SUPPLIED MATERIAL —
Segment Open

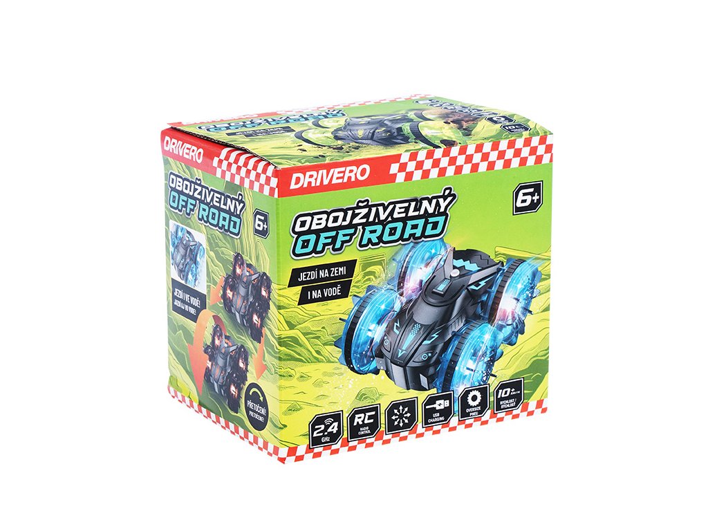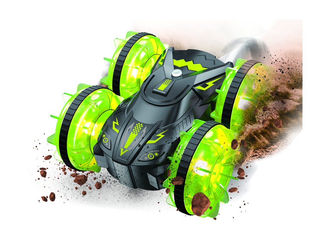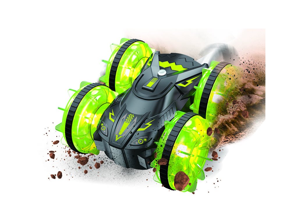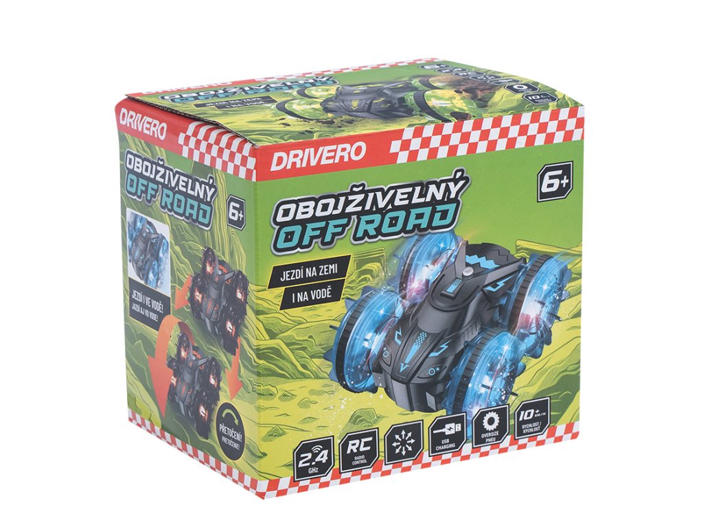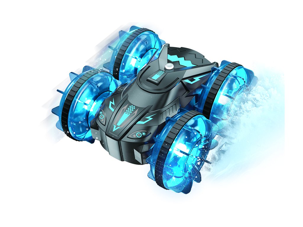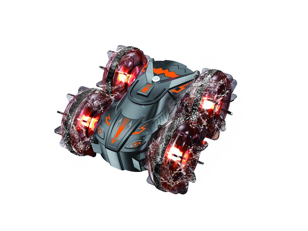 RC autíčko jezdí všemi směry. Jezdí i ve vodě. Při nárazu se otočí o odjede směrem, kterým přijelo. Při jízdě mu svítí kola. Dosah ovládača 40 m. Doba nabíjení 90 minut. Doba jízdy 25 minut.
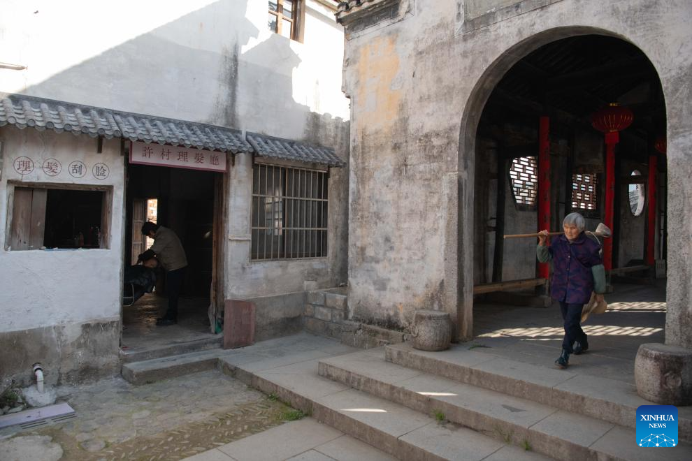 A resident walks out of the Gaoyang roofed bridge in Shexian County of Huangshan City, east China's Anhui Province, March 25, 2025. Roofed bridge, also called covered bridge, is a unique architectural structure in Huangshan City. These ingeniously structured and elegantly shaped bridges carry rich cultural significance and form a distinctive part of Huizhou culture.
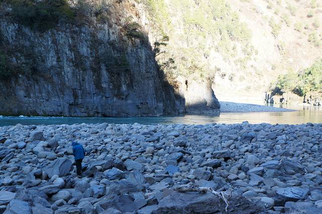在丙中洛的江滩上捡石头
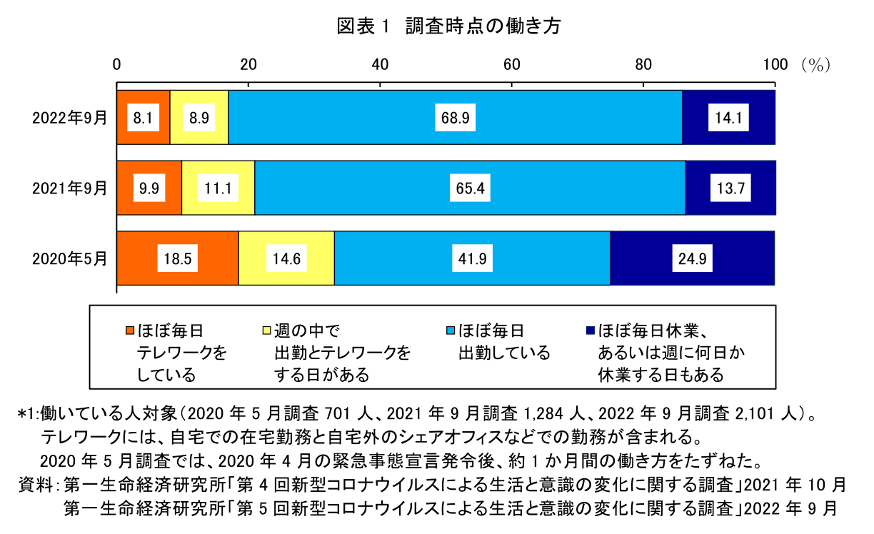 このような政策移行期に、当研究所では5回目の「新型コロナウイルスによる生活と意識の変化に関する調査」を実施した。本調査をもとに本稿では、2020年に感染拡大後に普及したテレワークの定着状況を確認するとともに、今後のWithコロナ時代の働き方を展望する。

Segment Closed

EXERCISE INSTRUCTIONS — Quote exactly the lines from the line that contains "A resident walks" through the last line of the listing, please, leaving out all pictures.

SOLUTION TO THIS EXERCISE —
 A resident walks out of the Gaoyang roofed bridge in Shexian County of Huangshan City, east China's Anhui Province, March 25, 2025. Roofed bridge, also called covered bridge, is a unique architectural structure in Huangshan City. These ingeniously structured and elegantly shaped bridges carry rich cultural significance and form a distinctive part of Huizhou culture.
在丙中洛的江滩上捡石头
 このような政策移行期に、当研究所では5回目の「新型コロナウイルスによる生活と意識の変化に関する調査」を実施した。本調査をもとに本稿では、2020年に感染拡大後に普及したテレワークの定着状況を確認するとともに、今後のWithコロナ時代の働き方を展望する。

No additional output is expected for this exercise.